Start of Dataset records

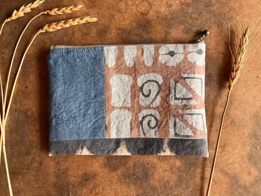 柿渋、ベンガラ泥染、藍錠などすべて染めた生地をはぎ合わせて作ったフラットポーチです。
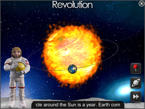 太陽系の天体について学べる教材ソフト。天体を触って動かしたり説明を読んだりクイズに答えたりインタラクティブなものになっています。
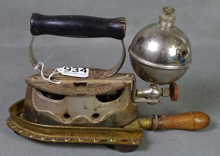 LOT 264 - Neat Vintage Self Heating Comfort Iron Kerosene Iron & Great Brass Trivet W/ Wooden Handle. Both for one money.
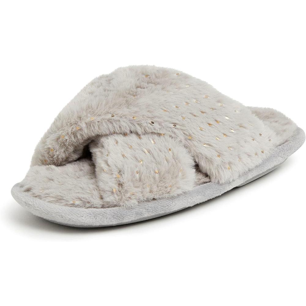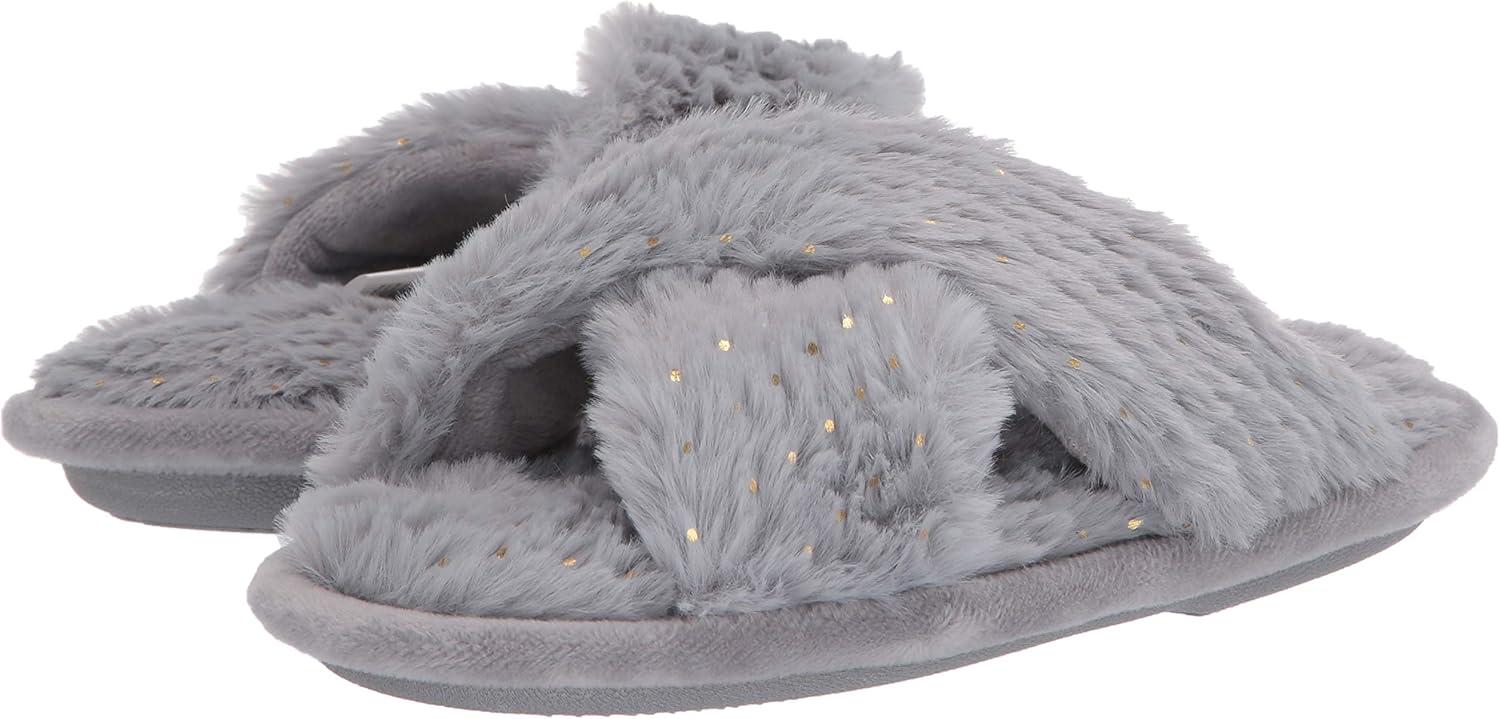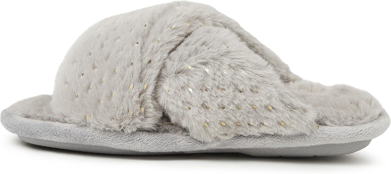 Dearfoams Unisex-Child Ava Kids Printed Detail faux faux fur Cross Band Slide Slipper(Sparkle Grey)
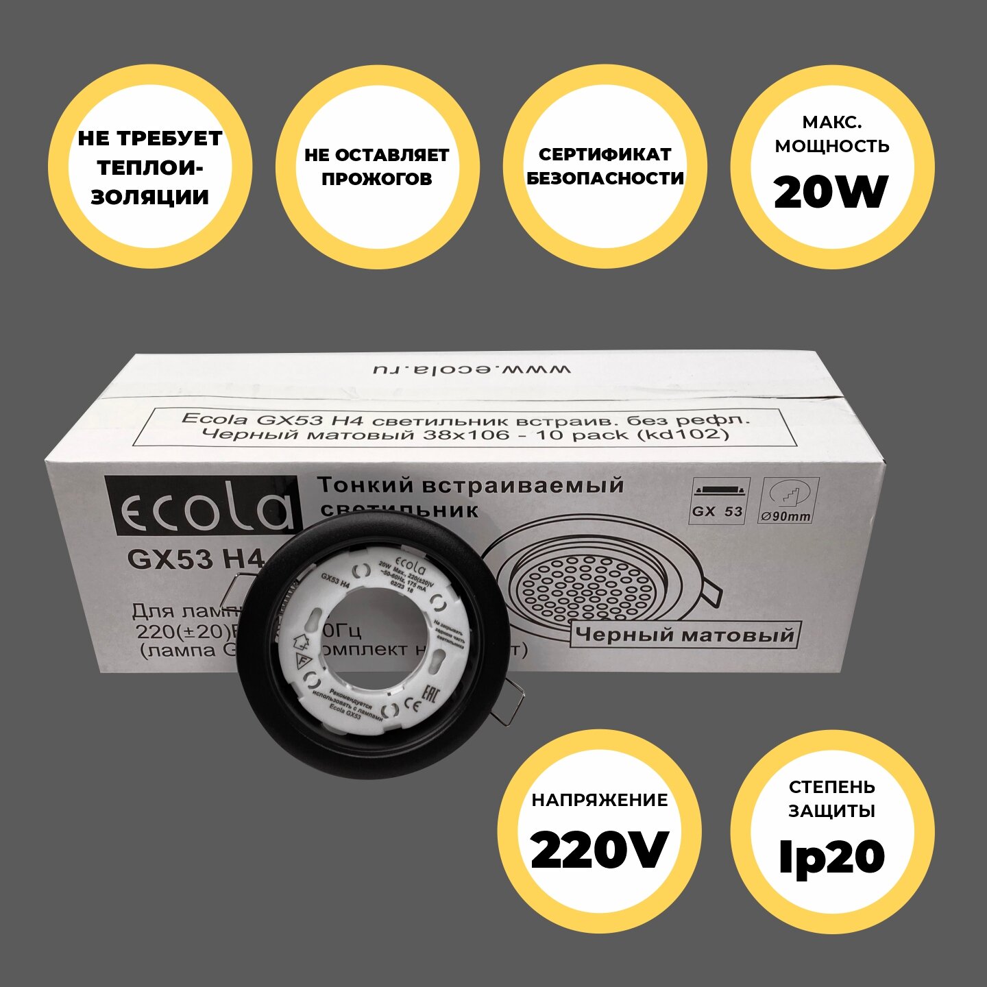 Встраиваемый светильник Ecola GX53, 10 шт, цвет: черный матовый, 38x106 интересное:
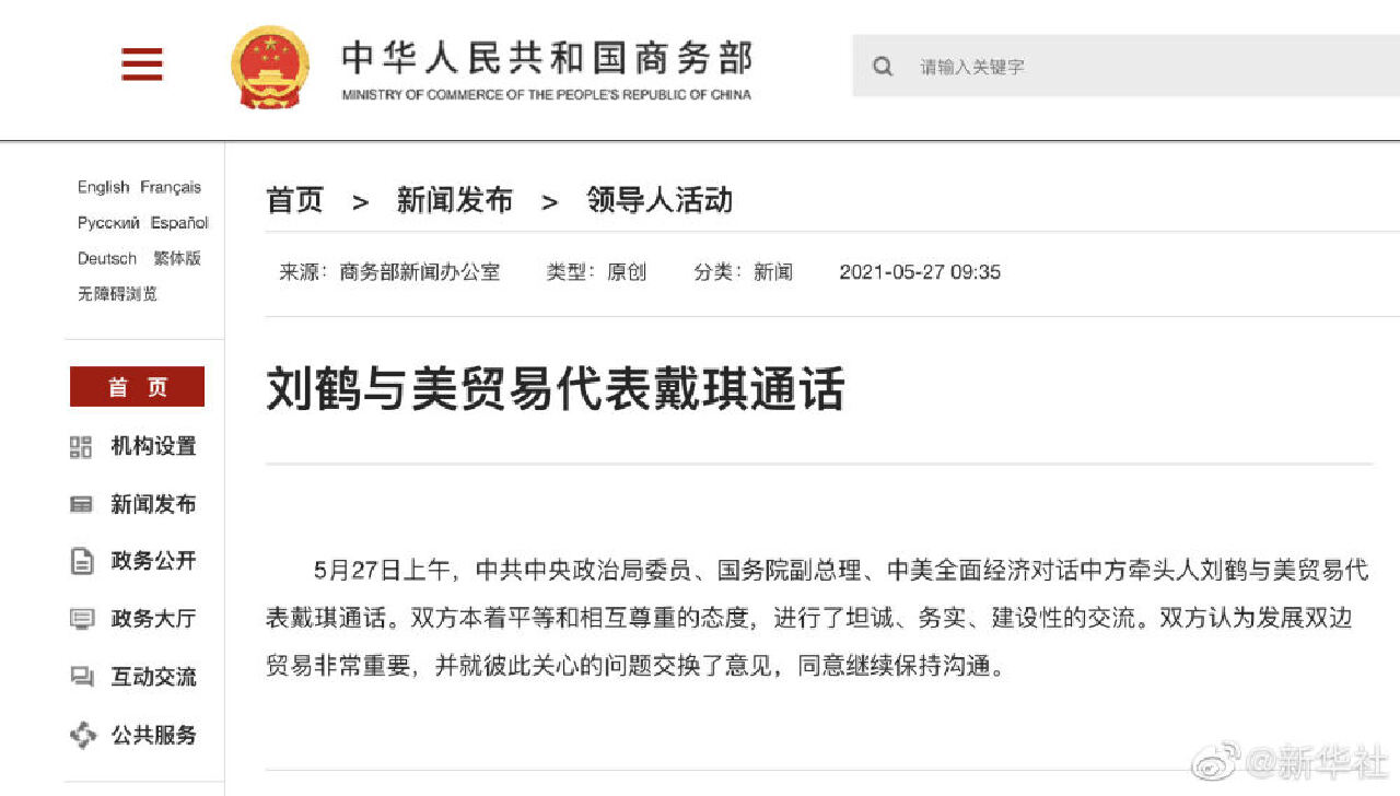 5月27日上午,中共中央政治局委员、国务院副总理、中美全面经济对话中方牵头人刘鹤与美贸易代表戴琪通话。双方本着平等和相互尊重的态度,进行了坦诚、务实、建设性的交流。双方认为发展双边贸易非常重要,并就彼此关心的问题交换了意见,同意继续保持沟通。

End of Dataset records

Exercise instructions: Starting at the line that contains "Встраиваемый светильник Ecola", restate each line verbatim through the final line of the listing, skipping all pictures.

Exercise answer:
 Встраиваемый светильник Ecola GX53, 10 шт, цвет: черный матовый, 38x106 интересное:
 5月27日上午,中共中央政治局委员、国务院副总理、中美全面经济对话中方牵头人刘鹤与美贸易代表戴琪通话。双方本着平等和相互尊重的态度,进行了坦诚、务实、建设性的交流。双方认为发展双边贸易非常重要,并就彼此关心的问题交换了意见,同意继续保持沟通。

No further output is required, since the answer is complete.